Dataset entries:
****************************************

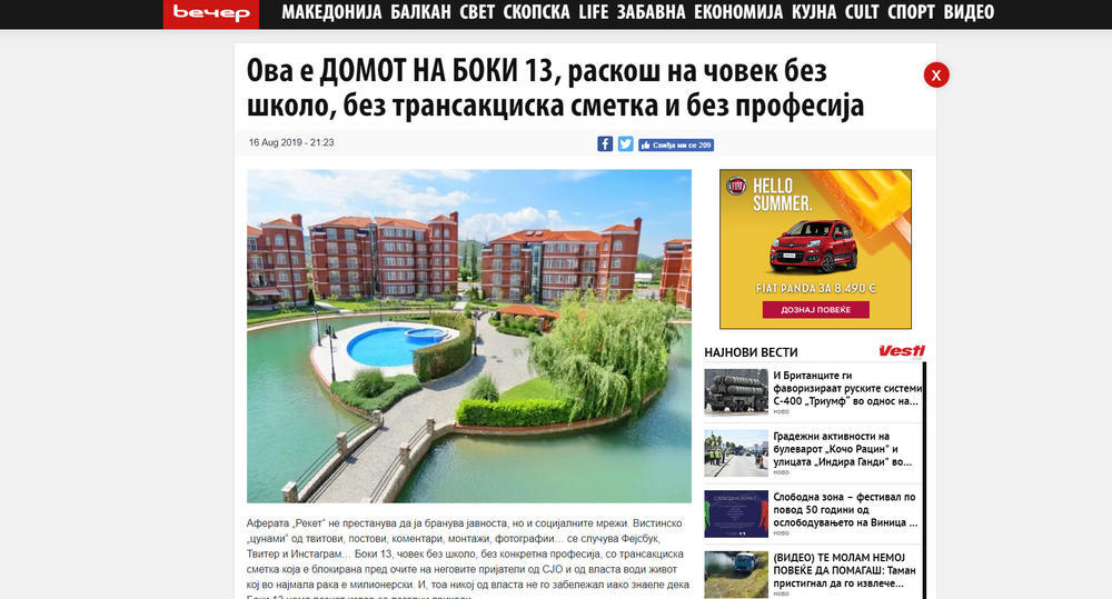 Makedonski mediji objavili su fotografije raskošnog doma u kojem je živeo Boki 13 i postavljaju pitanje kako je moguće da državni organi nisu primetili ovaj luksuz bez legalnog pokrića. Kako navode, Boki 13 nije imao ni završenu školu, ni zanimanje, niti račun u banci. Fotografije otkrivaju da je kontroverzni voditelj živeo na visokoj nozi i podsećaju da je u njegovu kuću dolazila i specijalna tužiteljka Katica Janeva, koja tek treba da da iskaz o svojoj ulozi u ovoj aferi. Kako je objavio portal Vecer.mk, luksuzni stan Bokija 13 nalazi se u kompleksu u skopskom Volkovu, u kojem živi makedonska elita.
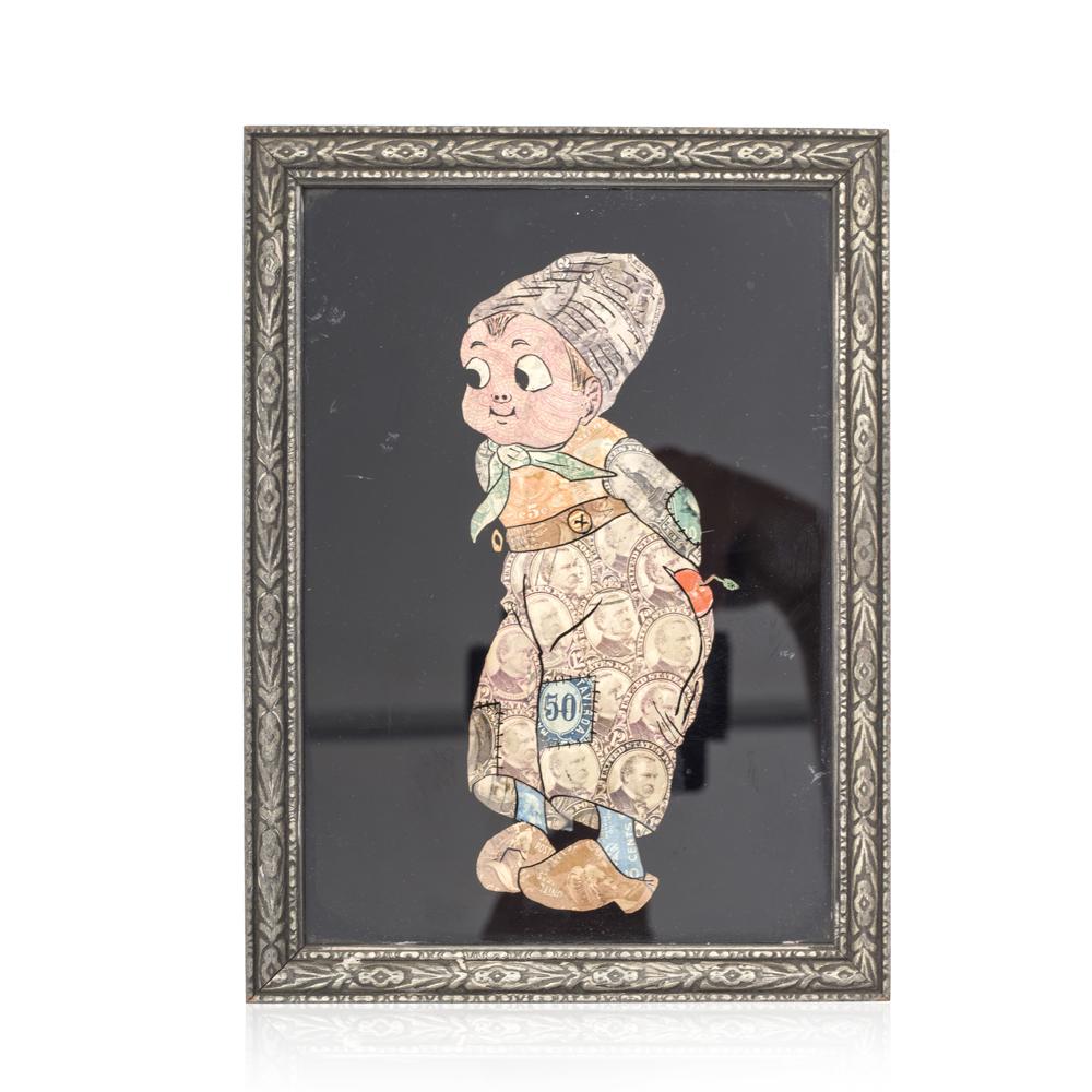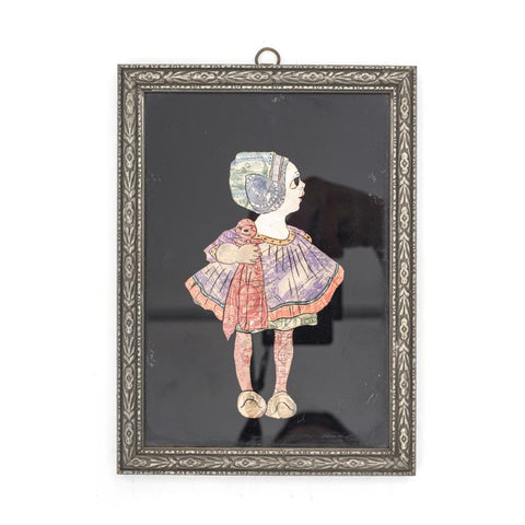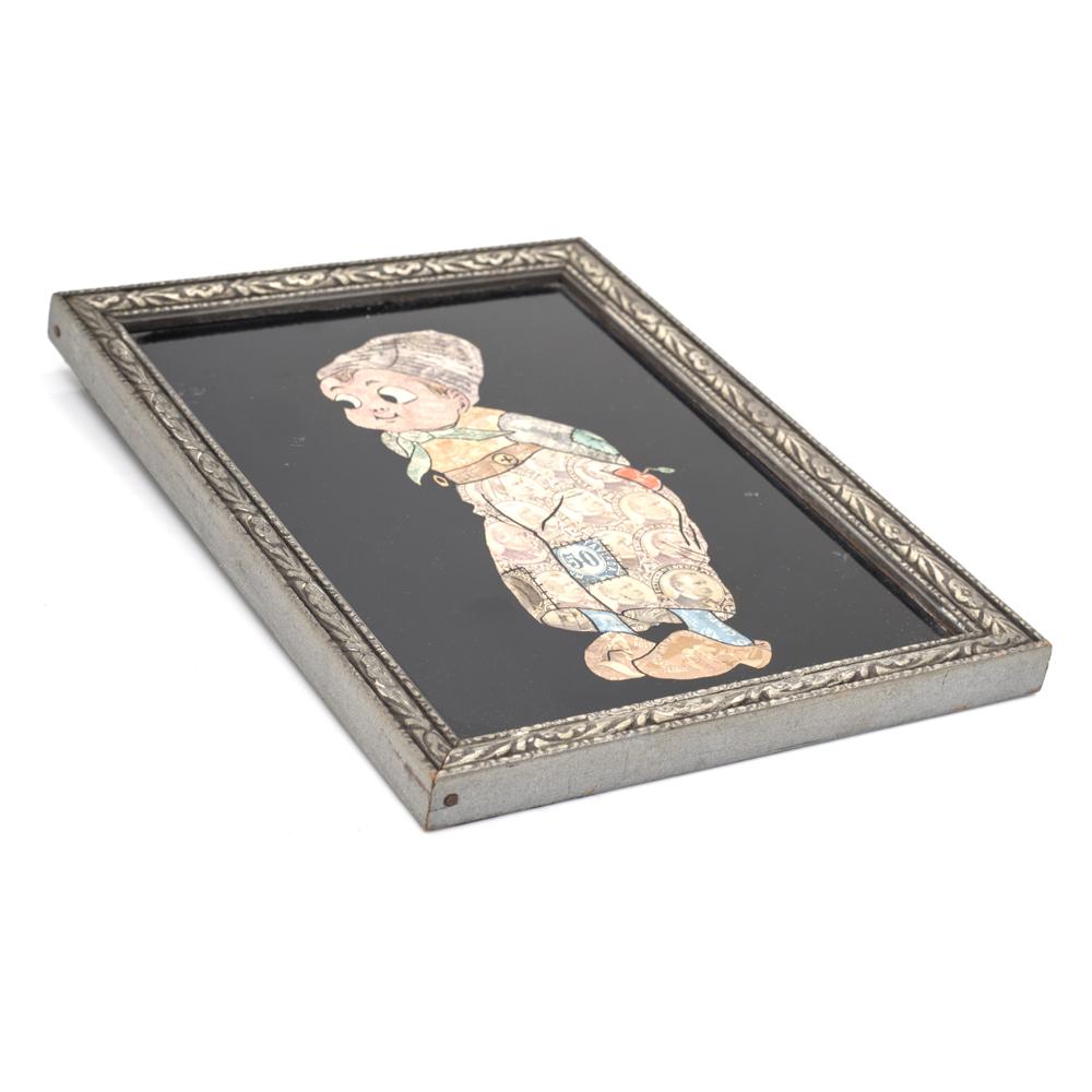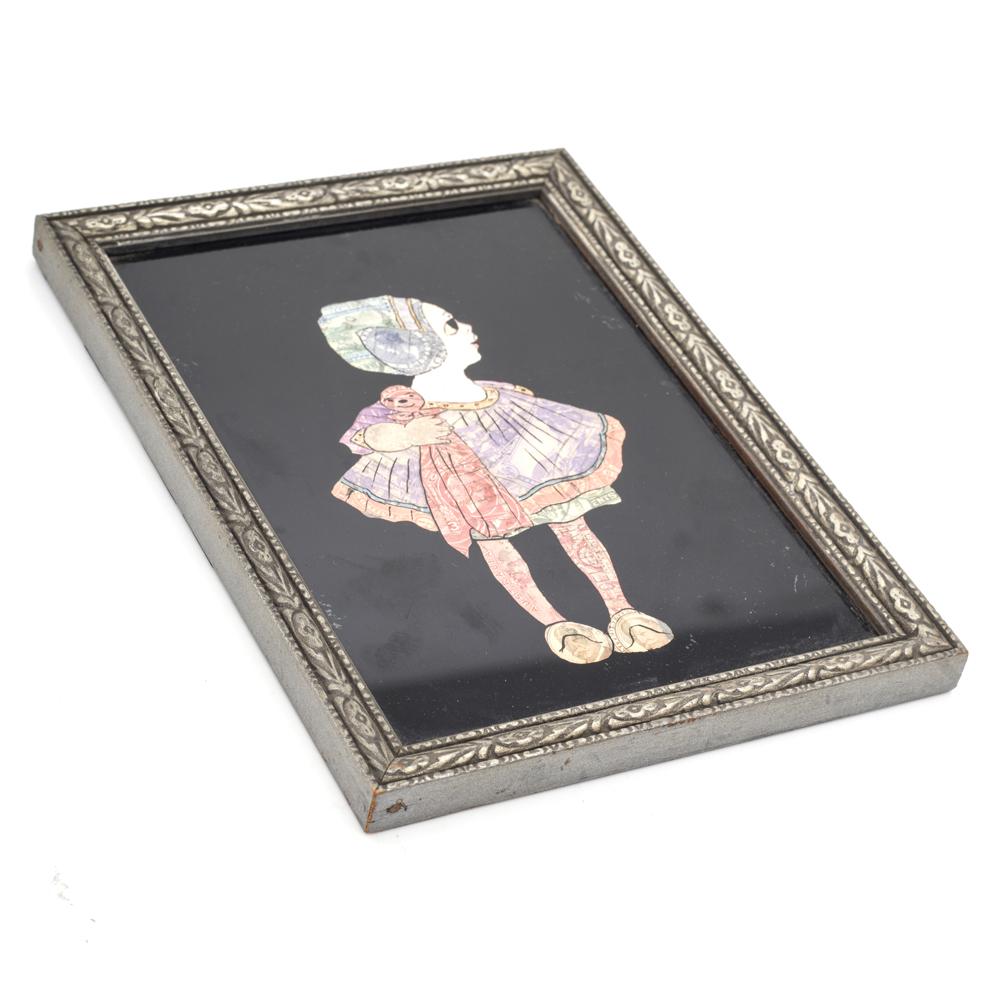 Details: Framed vintage stamp artwork of a small child. Dimensions: 8" H x 6" W
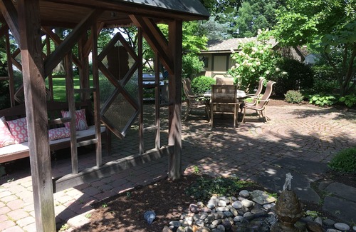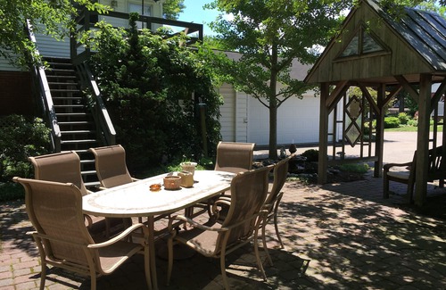 This former bed & breakfast is the perfect home to host a large family, couples' retreat, or a sports team with seven bedrooms and eight full bathrooms. The spacious living room and dining room feature beautiful hardwood floors and a wool rug. A finished family room (with full bathroom) in the basement gives plenty of room for everyone to socialize. The dining room has table seating for 10, plus 4 more at the high-top table in the kitchen. The kitchen boasts a modern stove, refrigerator, microwave/convection oven, and dishwasher. A large capacity washer & dryer are also available for use. Six of the seven bedrooms have queen-sized beds, with the remaining one having two twin beds. A large outdoor patio with tables and chairs is a great place to enjoy a meal outdoors. The beautiful grounds host a variety of perennials for your enjoyment during your stay.
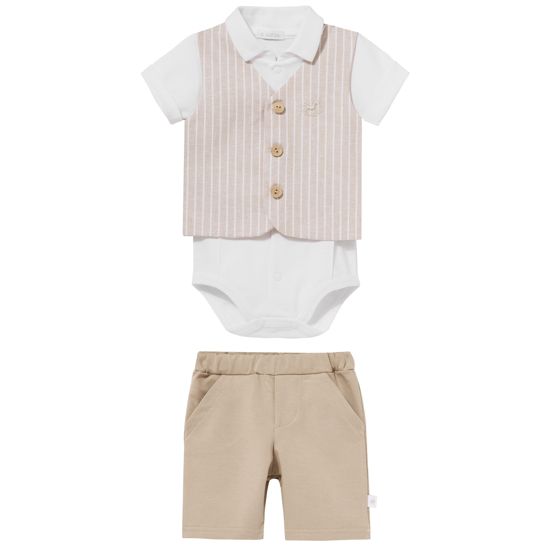 Set 3 pcs (bodysuit s/s, vest, shorts) JAKE Beige
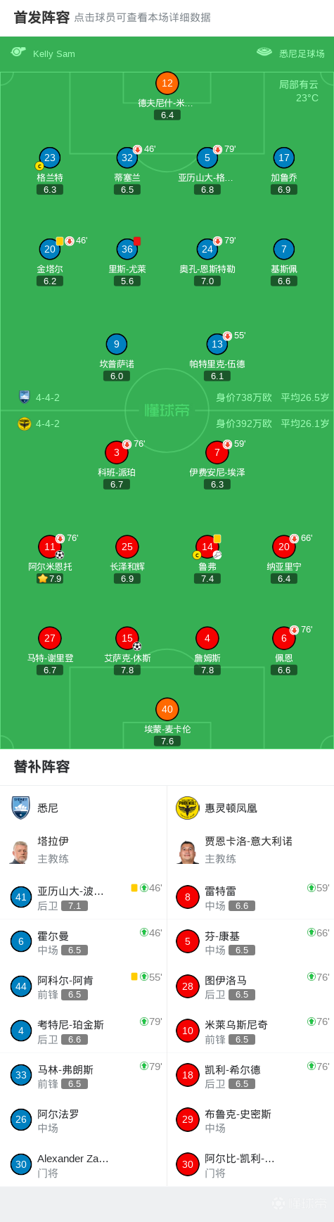 第29分钟,阿尔米恩托任意球打在人墙身上折射入网,惠灵顿凤凰1-0悉尼
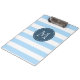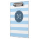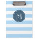 Custom Monogram Sky Blue and Navy Bold Stripes Clipboard

****************************************

- EXERCISE -
Copy only the lines running from the one that holds "Set 3 pcs (bodysuit" through the last line of the data, and include both of those lines. Do not copy any pictures.

- WRITTEN SOLUTION -
 Set 3 pcs (bodysuit s/s, vest, shorts) JAKE Beige
 第29分钟,阿尔米恩托任意球打在人墙身上折射入网,惠灵顿凤凰1-0悉尼
 Custom Monogram Sky Blue and Navy Bold Stripes Clipboard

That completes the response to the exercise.